### [WHAT TO PRODUCE]
Every line below should be copied exactly; drop the pictures.

### [RECORDS PROVIDED]
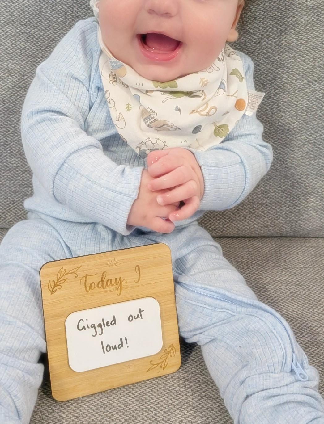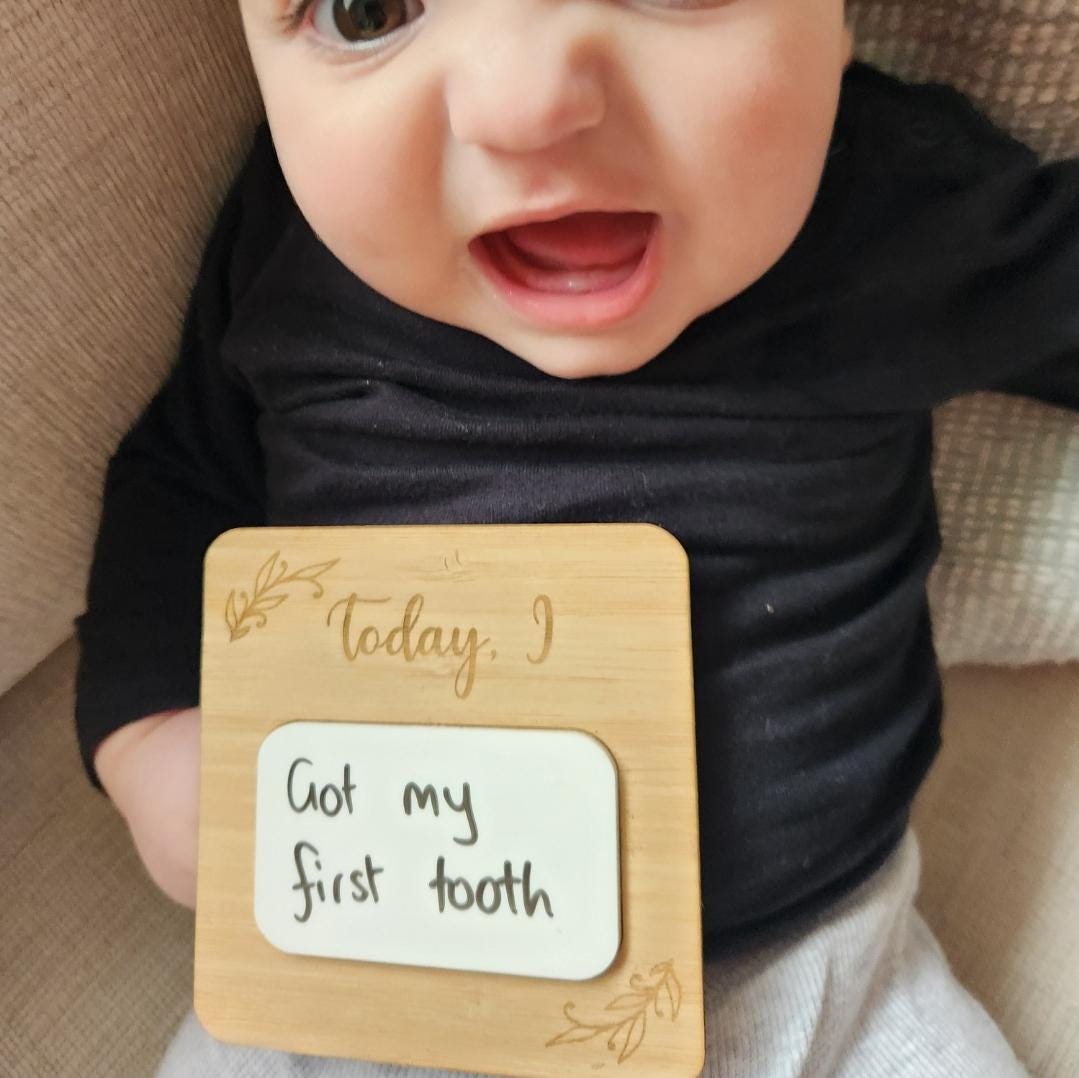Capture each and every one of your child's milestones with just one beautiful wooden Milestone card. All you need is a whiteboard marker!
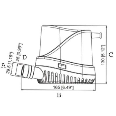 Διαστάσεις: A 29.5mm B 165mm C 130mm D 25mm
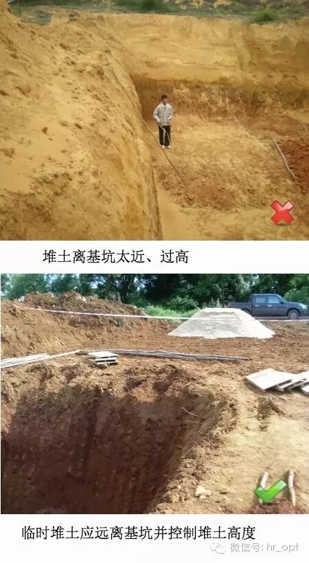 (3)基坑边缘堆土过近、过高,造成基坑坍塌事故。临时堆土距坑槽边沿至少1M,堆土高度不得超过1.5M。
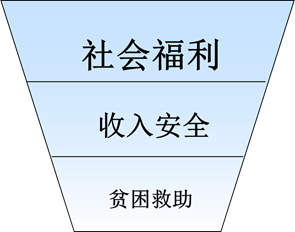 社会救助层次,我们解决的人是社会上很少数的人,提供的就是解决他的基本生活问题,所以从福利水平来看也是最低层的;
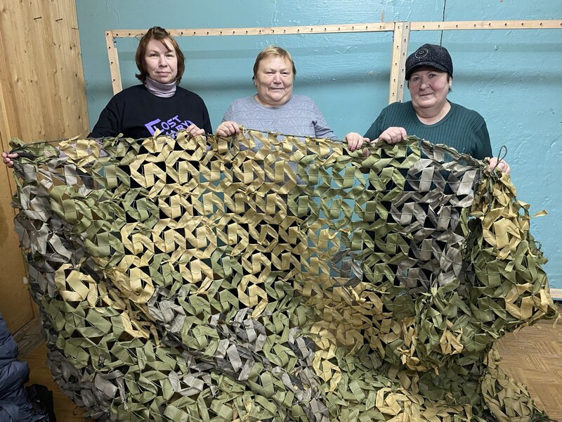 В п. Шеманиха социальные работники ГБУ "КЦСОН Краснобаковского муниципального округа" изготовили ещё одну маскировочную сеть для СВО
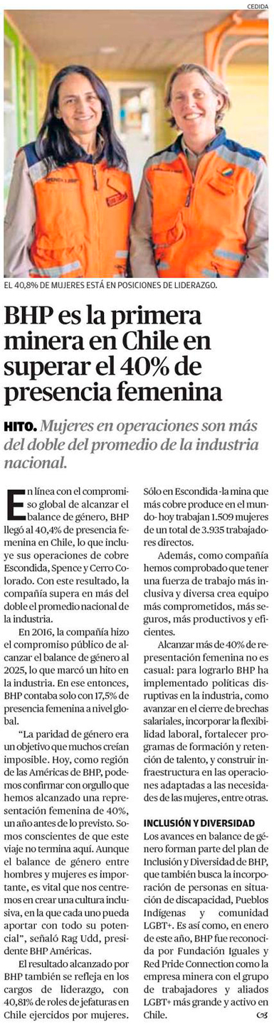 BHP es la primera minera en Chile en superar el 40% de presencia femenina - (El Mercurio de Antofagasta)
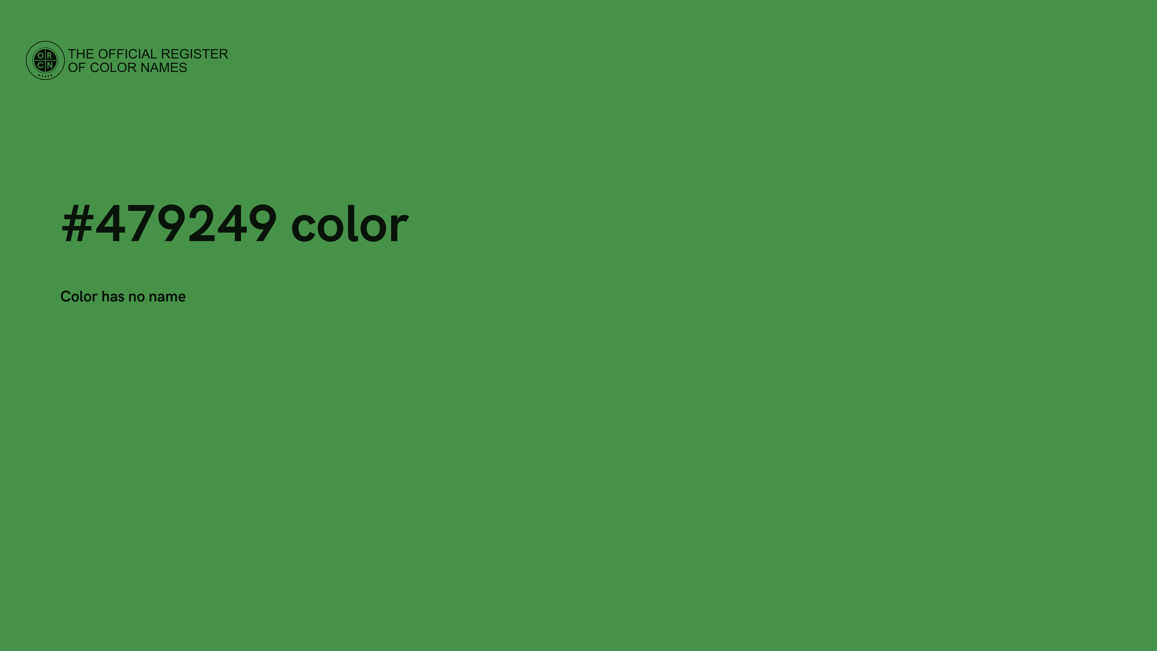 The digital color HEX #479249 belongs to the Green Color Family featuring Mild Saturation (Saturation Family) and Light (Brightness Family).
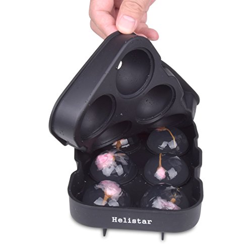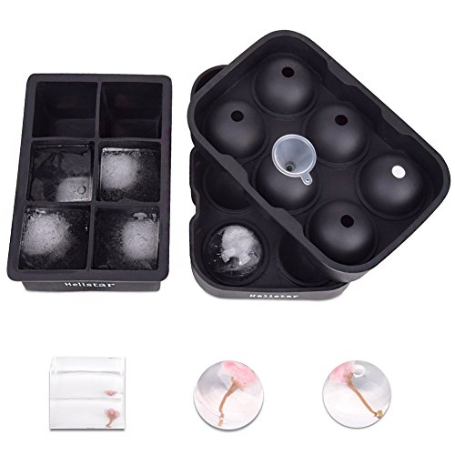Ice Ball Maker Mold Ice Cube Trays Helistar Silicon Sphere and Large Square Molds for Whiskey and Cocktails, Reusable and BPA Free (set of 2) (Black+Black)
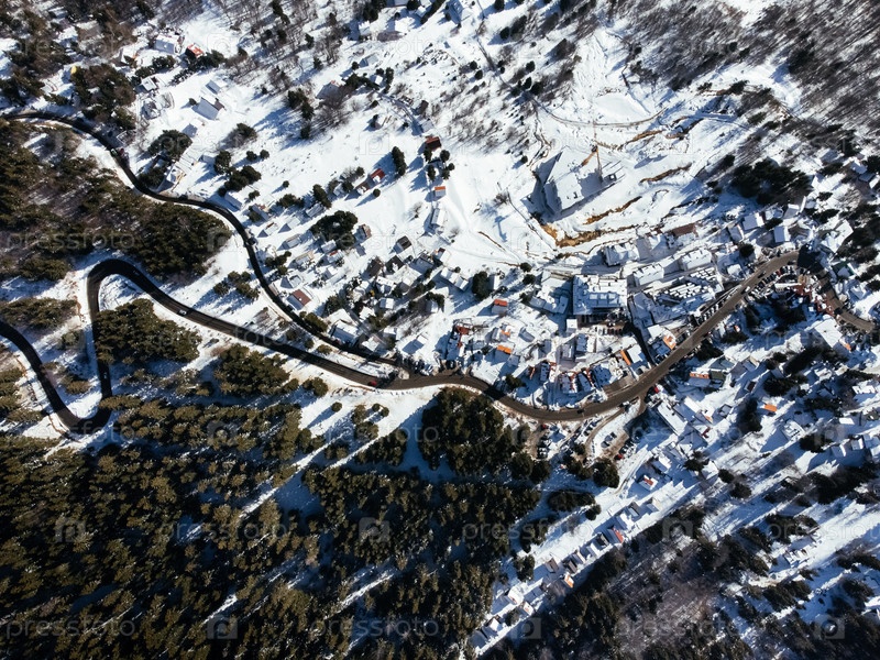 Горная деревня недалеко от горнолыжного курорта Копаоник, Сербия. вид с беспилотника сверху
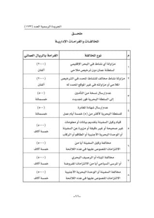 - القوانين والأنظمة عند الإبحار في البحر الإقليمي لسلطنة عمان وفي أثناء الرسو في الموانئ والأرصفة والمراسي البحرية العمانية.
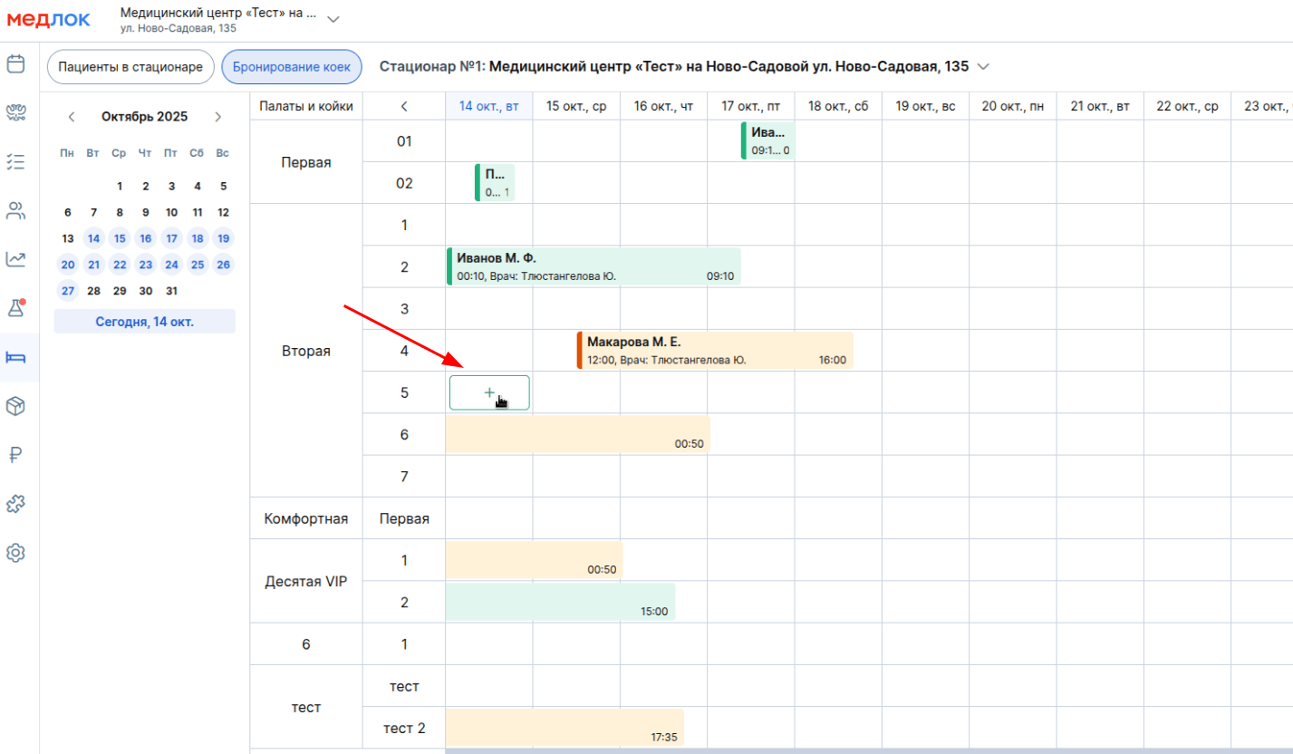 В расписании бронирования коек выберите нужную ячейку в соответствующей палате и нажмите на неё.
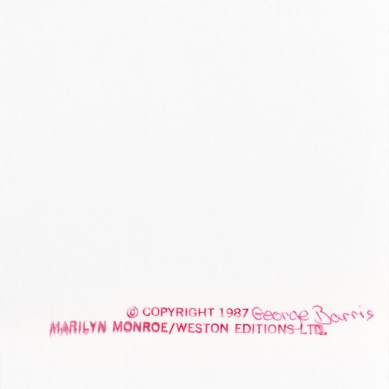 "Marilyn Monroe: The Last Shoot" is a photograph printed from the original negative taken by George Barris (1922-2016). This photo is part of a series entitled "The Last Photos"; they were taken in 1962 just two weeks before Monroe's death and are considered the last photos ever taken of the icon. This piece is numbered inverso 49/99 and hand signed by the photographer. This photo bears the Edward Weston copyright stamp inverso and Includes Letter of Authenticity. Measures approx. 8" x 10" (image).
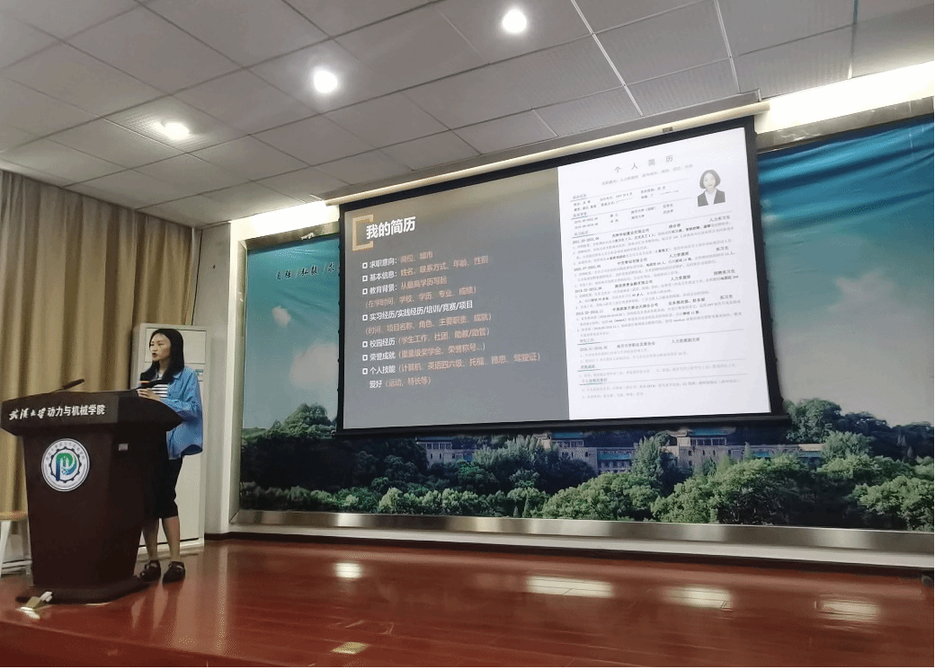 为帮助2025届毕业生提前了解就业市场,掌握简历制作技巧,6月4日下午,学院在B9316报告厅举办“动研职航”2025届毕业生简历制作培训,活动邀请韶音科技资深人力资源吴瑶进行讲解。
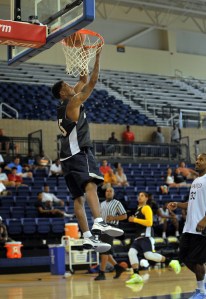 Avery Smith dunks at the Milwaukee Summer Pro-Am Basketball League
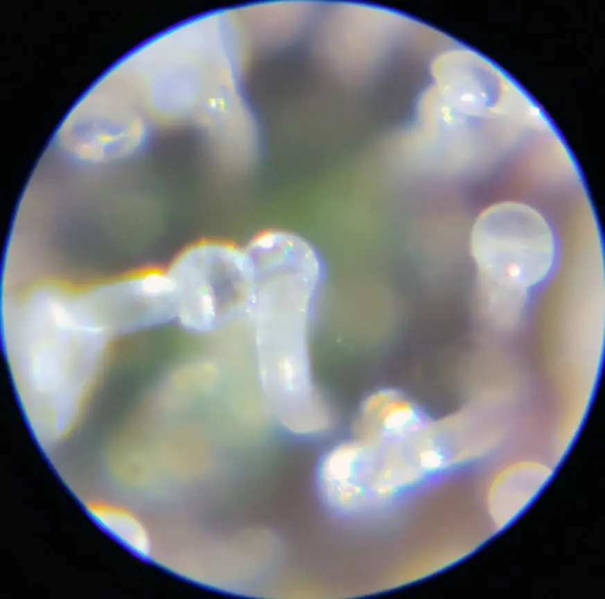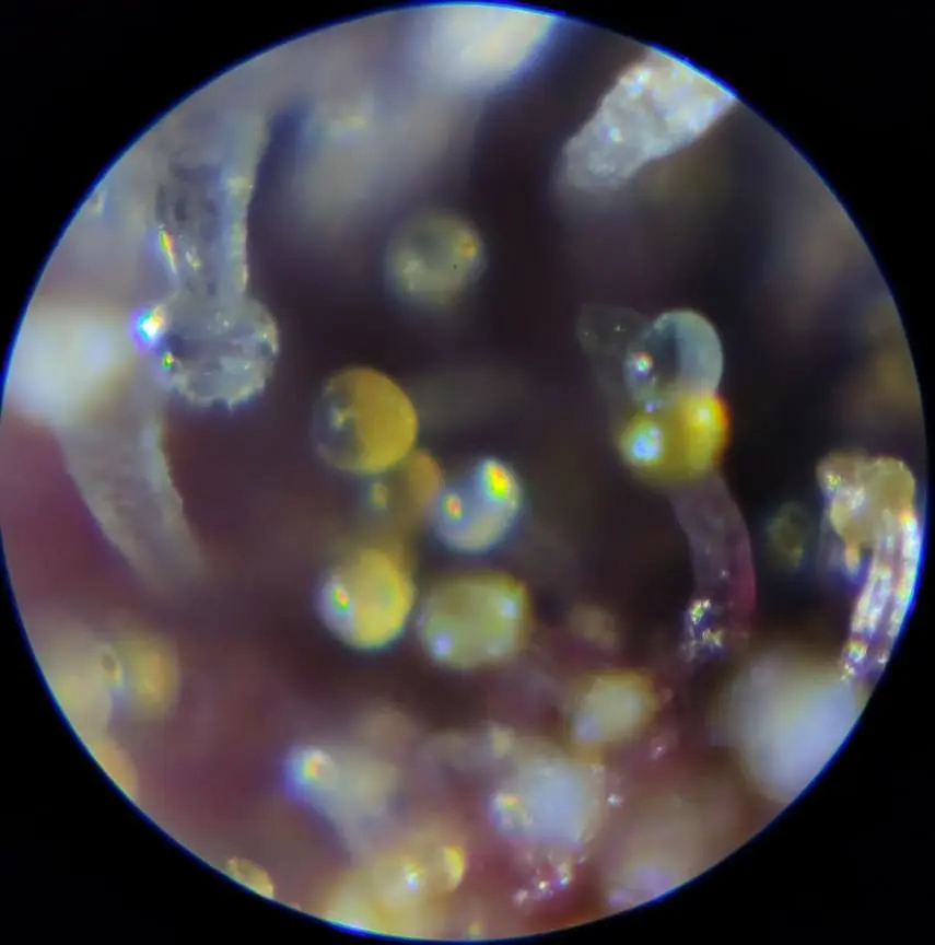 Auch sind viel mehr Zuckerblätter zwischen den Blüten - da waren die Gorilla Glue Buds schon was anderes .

### [ANSWER SECTION]
Capture each and every one of your child's milestones with just one beautiful wooden Milestone card. All you need is a whiteboard marker!
 Διαστάσεις: A 29.5mm B 165mm C 130mm D 25mm
 (3)基坑边缘堆土过近、过高,造成基坑坍塌事故。临时堆土距坑槽边沿至少1M,堆土高度不得超过1.5M。
 社会救助层次,我们解决的人是社会上很少数的人,提供的就是解决他的基本生活问题,所以从福利水平来看也是最低层的;
 В п. Шеманиха социальные работники ГБУ "КЦСОН Краснобаковского муниципального округа" изготовили ещё одну маскировочную сеть для СВО
 BHP es la primera minera en Chile en superar el 40% de presencia femenina - (El Mercurio de Antofagasta)
 The digital color HEX #479249 belongs to the Green Color Family featuring Mild Saturation (Saturation Family) and Light (Brightness Family).
Ice Ball Maker Mold Ice Cube Trays Helistar Silicon Sphere and Large Square Molds for Whiskey and Cocktails, Reusable and BPA Free (set of 2) (Black+Black)
 Горная деревня недалеко от горнолыжного курорта Копаоник, Сербия. вид с беспилотника сверху
 - القوانين والأنظمة عند الإبحار في البحر الإقليمي لسلطنة عمان وفي أثناء الرسو في الموانئ والأرصفة والمراسي البحرية العمانية.
 В расписании бронирования коек выберите нужную ячейку в соответствующей палате и нажмите на неё.
 "Marilyn Monroe: The Last Shoot" is a photograph printed from the original negative taken by George Barris (1922-2016). This photo is part of a series entitled "The Last Photos"; they were taken in 1962 just two weeks before Monroe's death and are considered the last photos ever taken of the icon. This piece is numbered inverso 49/99 and hand signed by the photographer. This photo bears the Edward Weston copyright stamp inverso and Includes Letter of Authenticity. Measures approx. 8" x 10" (image).
 为帮助2025届毕业生提前了解就业市场,掌握简历制作技巧,6月4日下午,学院在B9316报告厅举办“动研职航”2025届毕业生简历制作培训,活动邀请韶音科技资深人力资源吴瑶进行讲解。
 Avery Smith dunks at the Milwaukee Summer Pro-Am Basketball League
 Auch sind viel mehr Zuckerblätter zwischen den Blüten - da waren die Gorilla Glue Buds schon was anderes .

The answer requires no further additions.